[Stored entries]
··········

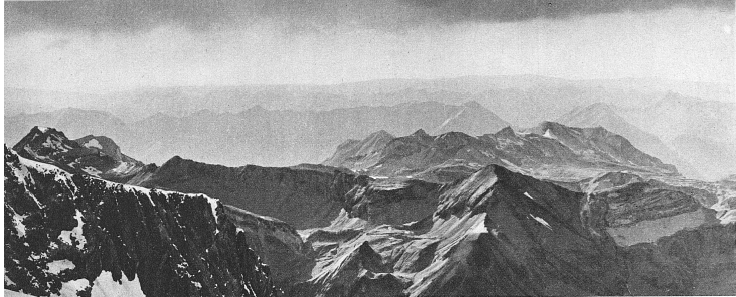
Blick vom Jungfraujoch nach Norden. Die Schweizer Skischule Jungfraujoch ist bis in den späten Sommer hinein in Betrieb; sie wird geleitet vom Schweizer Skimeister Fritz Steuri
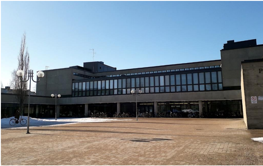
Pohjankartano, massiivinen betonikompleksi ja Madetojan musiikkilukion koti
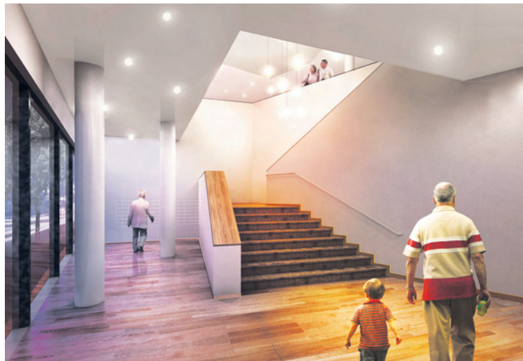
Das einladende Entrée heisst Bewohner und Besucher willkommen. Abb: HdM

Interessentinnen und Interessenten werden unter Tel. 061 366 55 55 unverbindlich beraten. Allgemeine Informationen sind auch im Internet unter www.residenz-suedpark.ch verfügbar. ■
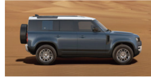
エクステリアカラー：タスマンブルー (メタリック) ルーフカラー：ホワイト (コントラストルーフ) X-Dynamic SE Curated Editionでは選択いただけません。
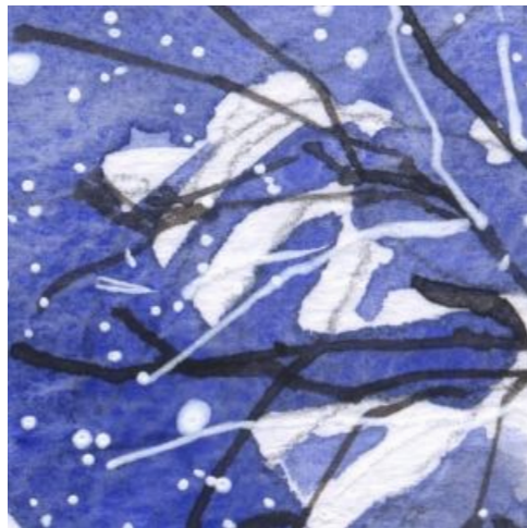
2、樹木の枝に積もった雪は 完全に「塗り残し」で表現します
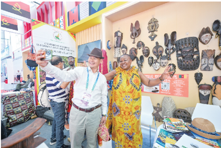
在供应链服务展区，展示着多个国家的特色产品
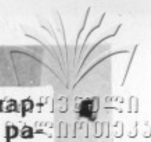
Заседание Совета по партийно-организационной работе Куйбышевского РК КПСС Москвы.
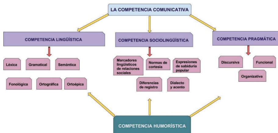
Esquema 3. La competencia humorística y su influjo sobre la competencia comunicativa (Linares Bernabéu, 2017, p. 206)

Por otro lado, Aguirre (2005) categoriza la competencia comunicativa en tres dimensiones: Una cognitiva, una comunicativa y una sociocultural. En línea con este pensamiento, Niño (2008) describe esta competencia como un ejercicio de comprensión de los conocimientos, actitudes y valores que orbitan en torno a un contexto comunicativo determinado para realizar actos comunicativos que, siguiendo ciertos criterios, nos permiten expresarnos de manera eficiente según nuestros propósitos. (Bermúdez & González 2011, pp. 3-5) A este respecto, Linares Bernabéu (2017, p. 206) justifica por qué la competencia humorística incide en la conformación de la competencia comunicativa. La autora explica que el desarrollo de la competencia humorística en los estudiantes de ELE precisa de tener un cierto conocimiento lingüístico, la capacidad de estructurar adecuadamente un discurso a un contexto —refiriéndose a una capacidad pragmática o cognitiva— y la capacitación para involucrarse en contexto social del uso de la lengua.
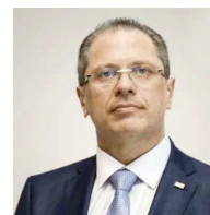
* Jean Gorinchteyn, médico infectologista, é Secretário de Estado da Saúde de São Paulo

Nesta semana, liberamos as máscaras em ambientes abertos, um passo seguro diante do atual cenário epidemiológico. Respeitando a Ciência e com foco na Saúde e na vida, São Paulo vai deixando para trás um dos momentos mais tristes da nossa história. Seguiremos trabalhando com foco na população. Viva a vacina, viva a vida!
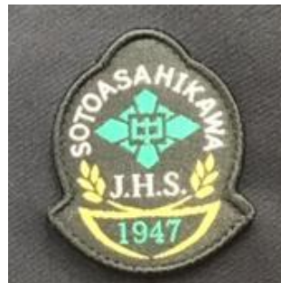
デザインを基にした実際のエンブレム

··········

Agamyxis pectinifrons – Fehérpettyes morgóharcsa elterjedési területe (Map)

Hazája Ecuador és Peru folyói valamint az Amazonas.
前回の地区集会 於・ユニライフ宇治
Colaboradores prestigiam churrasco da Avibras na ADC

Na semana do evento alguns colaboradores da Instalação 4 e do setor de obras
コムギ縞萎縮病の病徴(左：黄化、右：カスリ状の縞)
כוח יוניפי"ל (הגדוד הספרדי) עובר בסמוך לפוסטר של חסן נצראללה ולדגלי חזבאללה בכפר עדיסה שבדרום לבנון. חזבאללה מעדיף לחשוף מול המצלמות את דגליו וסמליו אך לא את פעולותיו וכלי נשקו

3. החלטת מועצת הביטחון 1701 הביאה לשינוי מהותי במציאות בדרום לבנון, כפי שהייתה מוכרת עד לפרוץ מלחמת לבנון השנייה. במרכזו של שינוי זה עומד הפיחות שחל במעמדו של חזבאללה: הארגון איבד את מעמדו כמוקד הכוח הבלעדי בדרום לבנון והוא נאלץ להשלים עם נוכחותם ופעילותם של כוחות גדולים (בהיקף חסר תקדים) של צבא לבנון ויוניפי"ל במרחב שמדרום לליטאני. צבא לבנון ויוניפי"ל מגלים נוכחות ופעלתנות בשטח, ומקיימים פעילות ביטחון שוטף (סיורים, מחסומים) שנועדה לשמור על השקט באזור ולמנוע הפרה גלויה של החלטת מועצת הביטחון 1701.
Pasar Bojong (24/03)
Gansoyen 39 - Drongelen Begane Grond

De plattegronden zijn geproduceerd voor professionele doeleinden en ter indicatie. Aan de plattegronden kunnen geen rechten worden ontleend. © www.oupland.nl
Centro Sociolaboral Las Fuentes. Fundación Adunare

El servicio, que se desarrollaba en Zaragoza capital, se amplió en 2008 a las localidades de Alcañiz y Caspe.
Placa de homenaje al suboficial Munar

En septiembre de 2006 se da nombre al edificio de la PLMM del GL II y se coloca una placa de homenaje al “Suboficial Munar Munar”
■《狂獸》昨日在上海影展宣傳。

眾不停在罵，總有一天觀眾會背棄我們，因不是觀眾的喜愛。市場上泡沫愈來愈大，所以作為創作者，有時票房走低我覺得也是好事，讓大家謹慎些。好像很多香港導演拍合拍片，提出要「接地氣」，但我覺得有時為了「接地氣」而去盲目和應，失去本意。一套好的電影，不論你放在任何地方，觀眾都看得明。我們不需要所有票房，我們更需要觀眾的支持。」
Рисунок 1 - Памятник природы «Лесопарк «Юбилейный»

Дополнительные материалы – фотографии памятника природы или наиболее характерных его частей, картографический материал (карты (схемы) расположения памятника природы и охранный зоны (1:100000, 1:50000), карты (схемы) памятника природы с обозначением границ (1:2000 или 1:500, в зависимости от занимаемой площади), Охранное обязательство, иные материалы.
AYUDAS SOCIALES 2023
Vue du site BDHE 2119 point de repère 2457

··········

The expected result is a copy of each line in the records where "חזבאללה" appears.

## ANSWER TO THE PROBLEM
כוח יוניפי"ל (הגדוד הספרדי) עובר בסמוך לפוסטר של חסן נצראללה ולדגלי חזבאללה בכפר עדיסה שבדרום לבנון. חזבאללה מעדיף לחשוף מול המצלמות את דגליו וסמליו אך לא את פעולותיו וכלי נשקו
3. החלטת מועצת הביטחון 1701 הביאה לשינוי מהותי במציאות בדרום לבנון, כפי שהייתה מוכרת עד לפרוץ מלחמת לבנון השנייה. במרכזו של שינוי זה עומד הפיחות שחל במעמדו של חזבאללה: הארגון איבד את מעמדו כמוקד הכוח הבלעדי בדרום לבנון והוא נאלץ להשלים עם נוכחותם ופעילותם של כוחות גדולים (בהיקף חסר תקדים) של צבא לבנון ויוניפי"ל במרחב שמדרום לליטאני. צבא לבנון ויוניפי"ל מגלים נוכחות ופעלתנות בשטח, ומקיימים פעילות ביטחון שוטף (סיורים, מחסומים) שנועדה לשמור על השקט באזור ולמנוע הפרה גלויה של החלטת מועצת הביטחון 1701.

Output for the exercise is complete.